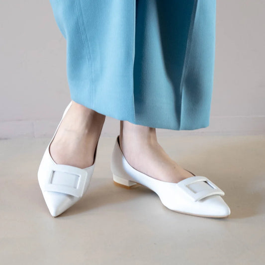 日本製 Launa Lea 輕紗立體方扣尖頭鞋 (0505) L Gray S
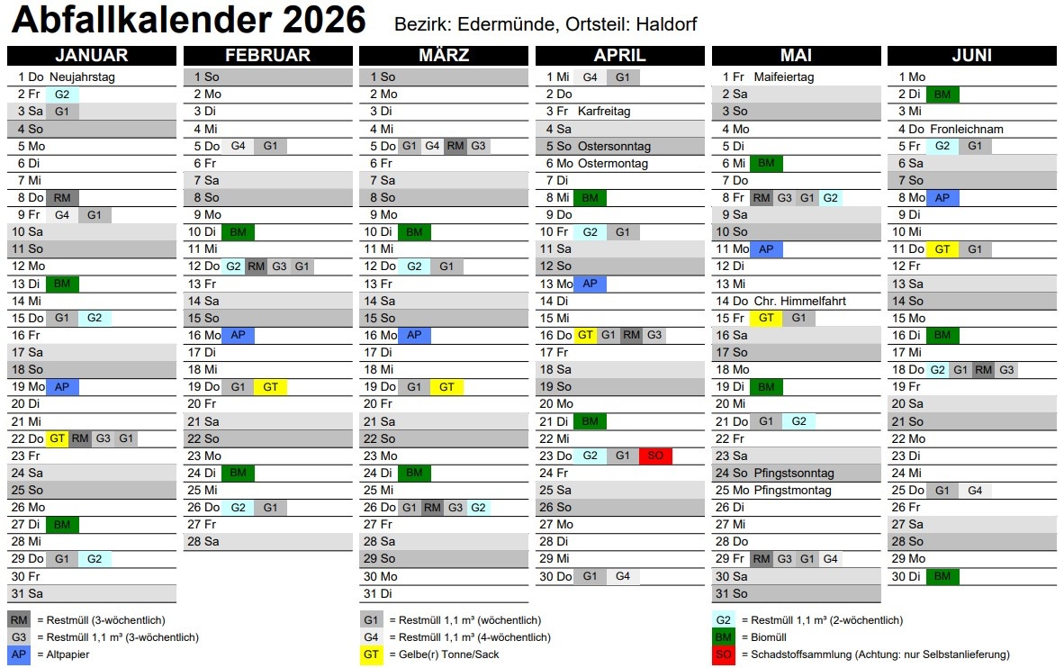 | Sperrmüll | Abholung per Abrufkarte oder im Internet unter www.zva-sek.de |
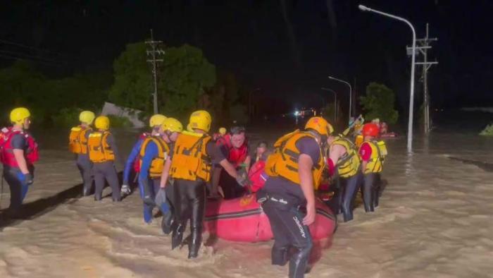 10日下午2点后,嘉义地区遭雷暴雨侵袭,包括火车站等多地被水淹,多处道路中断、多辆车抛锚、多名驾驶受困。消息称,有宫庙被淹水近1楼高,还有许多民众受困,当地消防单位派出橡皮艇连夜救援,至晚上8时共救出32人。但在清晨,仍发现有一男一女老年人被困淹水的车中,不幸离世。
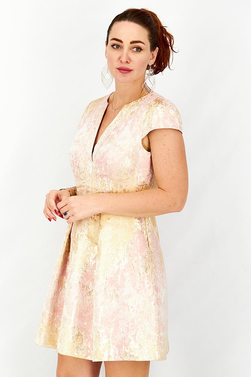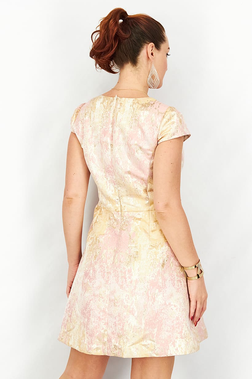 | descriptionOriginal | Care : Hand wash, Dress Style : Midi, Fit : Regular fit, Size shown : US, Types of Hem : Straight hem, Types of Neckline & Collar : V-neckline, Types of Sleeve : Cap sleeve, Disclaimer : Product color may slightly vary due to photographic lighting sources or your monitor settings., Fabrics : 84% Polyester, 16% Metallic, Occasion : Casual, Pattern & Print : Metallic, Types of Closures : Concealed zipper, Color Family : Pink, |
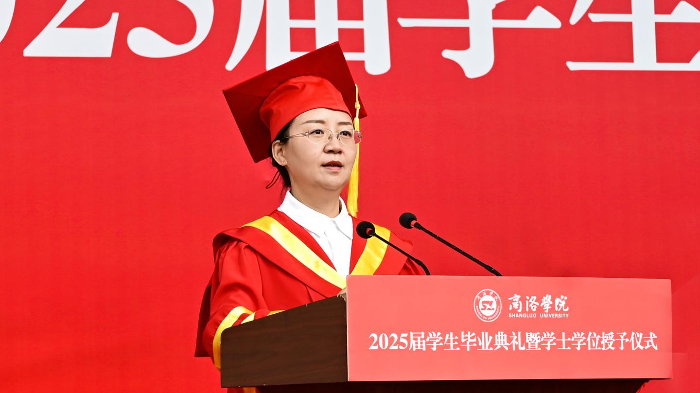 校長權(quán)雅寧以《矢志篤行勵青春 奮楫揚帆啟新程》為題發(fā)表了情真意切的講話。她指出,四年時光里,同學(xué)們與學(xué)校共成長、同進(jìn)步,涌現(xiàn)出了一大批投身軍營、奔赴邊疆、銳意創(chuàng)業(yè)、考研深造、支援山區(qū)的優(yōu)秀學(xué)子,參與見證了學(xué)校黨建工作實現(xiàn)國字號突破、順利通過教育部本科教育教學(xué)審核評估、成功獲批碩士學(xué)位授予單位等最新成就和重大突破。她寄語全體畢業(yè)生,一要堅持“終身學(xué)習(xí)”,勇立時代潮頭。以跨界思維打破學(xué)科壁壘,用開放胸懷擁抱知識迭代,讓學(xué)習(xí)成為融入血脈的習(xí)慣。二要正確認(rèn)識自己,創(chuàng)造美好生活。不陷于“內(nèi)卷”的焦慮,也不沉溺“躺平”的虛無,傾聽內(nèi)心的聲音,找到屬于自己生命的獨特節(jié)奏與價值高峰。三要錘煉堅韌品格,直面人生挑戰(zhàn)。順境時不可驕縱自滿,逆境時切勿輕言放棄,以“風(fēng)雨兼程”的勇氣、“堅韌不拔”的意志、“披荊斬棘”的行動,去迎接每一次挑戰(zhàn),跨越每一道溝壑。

###

> [Work task]:
Above are the records; transcribe them exactly without the pictures.

> [Task solution]:
 日本製 Launa Lea 輕紗立體方扣尖頭鞋 (0505) L Gray S
 | Sperrmüll | Abholung per Abrufkarte oder im Internet unter www.zva-sek.de |
 10日下午2点后,嘉义地区遭雷暴雨侵袭,包括火车站等多地被水淹,多处道路中断、多辆车抛锚、多名驾驶受困。消息称,有宫庙被淹水近1楼高,还有许多民众受困,当地消防单位派出橡皮艇连夜救援,至晚上8时共救出32人。但在清晨,仍发现有一男一女老年人被困淹水的车中,不幸离世。
 | descriptionOriginal | Care : Hand wash, Dress Style : Midi, Fit : Regular fit, Size shown : US, Types of Hem : Straight hem, Types of Neckline & Collar : V-neckline, Types of Sleeve : Cap sleeve, Disclaimer : Product color may slightly vary due to photographic lighting sources or your monitor settings., Fabrics : 84% Polyester, 16% Metallic, Occasion : Casual, Pattern & Print : Metallic, Types of Closures : Concealed zipper, Color Family : Pink, |
 校長權(quán)雅寧以《矢志篤行勵青春 奮楫揚帆啟新程》為題發(fā)表了情真意切的講話。她指出,四年時光里,同學(xué)們與學(xué)校共成長、同進(jìn)步,涌現(xiàn)出了一大批投身軍營、奔赴邊疆、銳意創(chuàng)業(yè)、考研深造、支援山區(qū)的優(yōu)秀學(xué)子,參與見證了學(xué)校黨建工作實現(xiàn)國字號突破、順利通過教育部本科教育教學(xué)審核評估、成功獲批碩士學(xué)位授予單位等最新成就和重大突破。她寄語全體畢業(yè)生,一要堅持“終身學(xué)習(xí)”,勇立時代潮頭。以跨界思維打破學(xué)科壁壘,用開放胸懷擁抱知識迭代,讓學(xué)習(xí)成為融入血脈的習(xí)慣。二要正確認(rèn)識自己,創(chuàng)造美好生活。不陷于“內(nèi)卷”的焦慮,也不沉溺“躺平”的虛無,傾聽內(nèi)心的聲音,找到屬于自己生命的獨特節(jié)奏與價值高峰。三要錘煉堅韌品格,直面人生挑戰(zhàn)。順境時不可驕縱自滿,逆境時切勿輕言放棄,以“風(fēng)雨兼程”的勇氣、“堅韌不拔”的意志、“披荊斬棘”的行動,去迎接每一次挑戰(zhàn),跨越每一道溝壑。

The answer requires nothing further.